▸ **Exercise description**: What you return must be exactly the lines from the beginning of the material through the line containing "- ✨【LARGE SIZE", both included, and no pictures.

▸ **Stored data**:
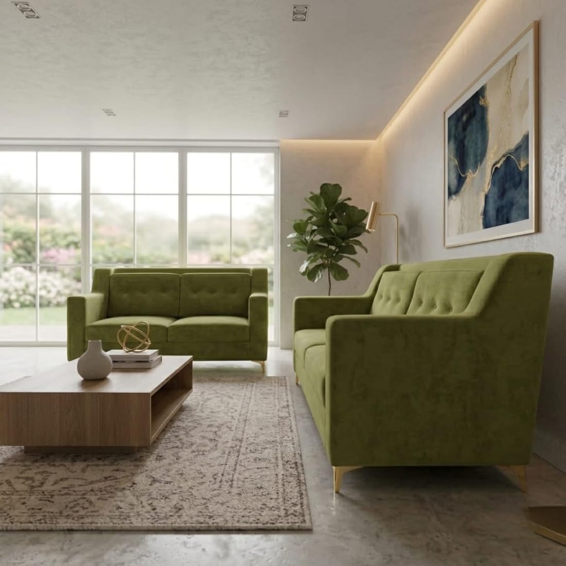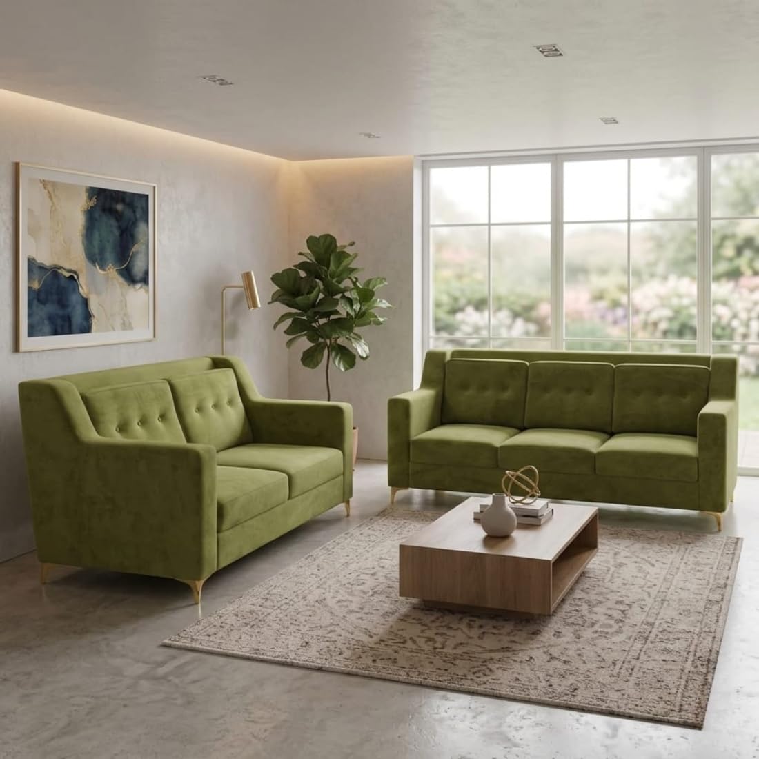 Modern 5 Seater Sofa Set with Pillow Back | Button Tufting | and Golden Stainless Steel Legs | Olive Green | 2 Piece.
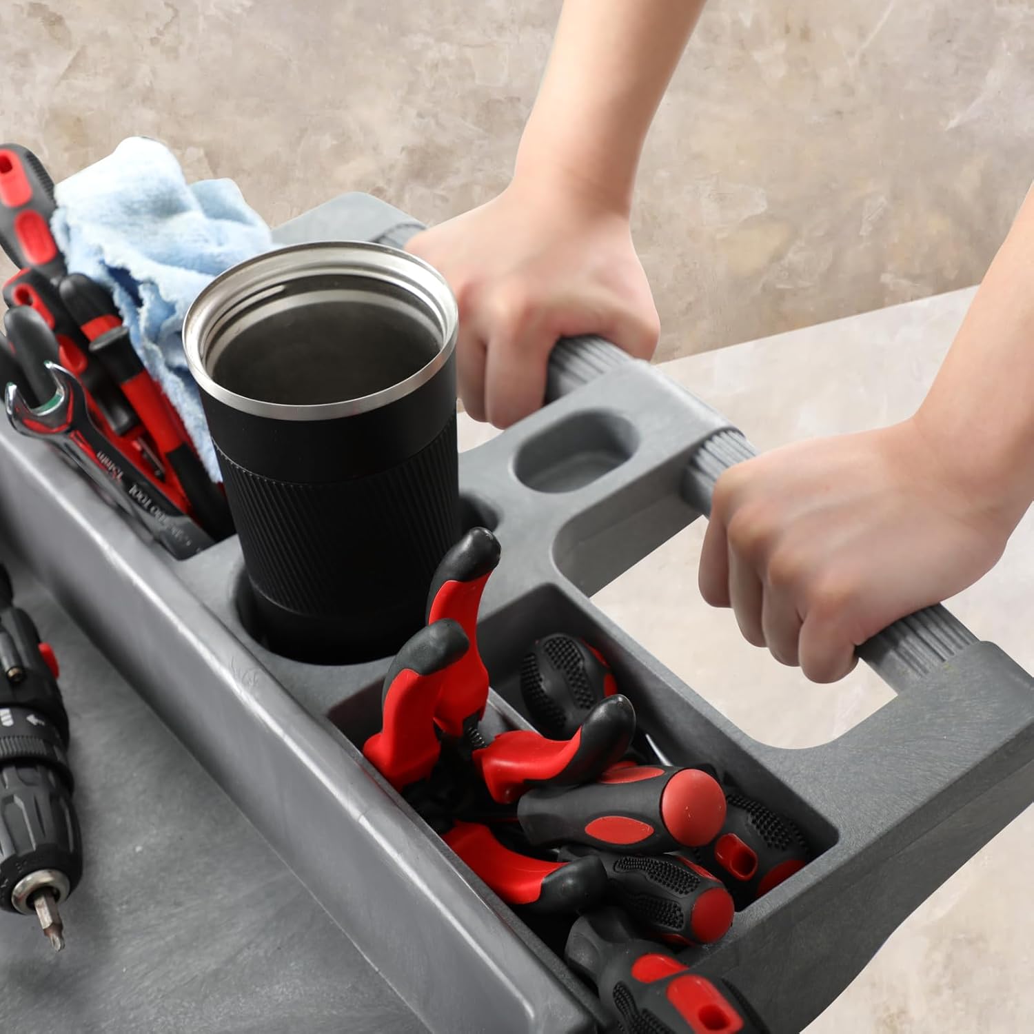 - ✨【LARGE SIZE DESIGN】: The top of this product features a large flat design where you can place large tools or equipment. The excellent backboard design ensures stability and safety during transportation.
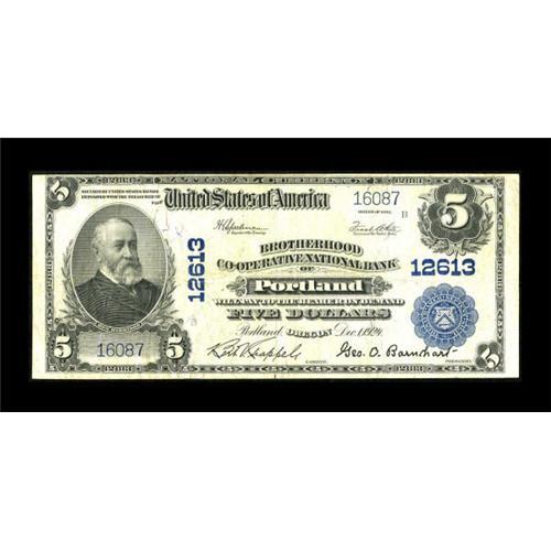 <B>Portland, OR</B></I> - $5 1902 Plain Back Fr. 609 <B>Brotherhood Co-operative NB</B></I> Ch. # 12613<BR> A nice large example from this labor union affiliated bank. Geo. O. Barnhart, who signs as President, was an organizer of these banks and also served as president of the Brotherhood Co-Operative NB of Spokane, Washington as well. <B>Fine-Very Fine</B></I>.<BR><I>From The Kansas City Collection.</B></I><BR><BR><b>Shipping:</b> Coins & Currency (<a target="_blank" href="http://www.heritageauctions.com/common/shipping.php">view shipping information</a>)

▸ **Task result**:
 Modern 5 Seater Sofa Set with Pillow Back | Button Tufting | and Golden Stainless Steel Legs | Olive Green | 2 Piece.
 - ✨【LARGE SIZE DESIGN】: The top of this product features a large flat design where you can place large tools or equipment. The excellent backboard design ensures stability and safety during transportation.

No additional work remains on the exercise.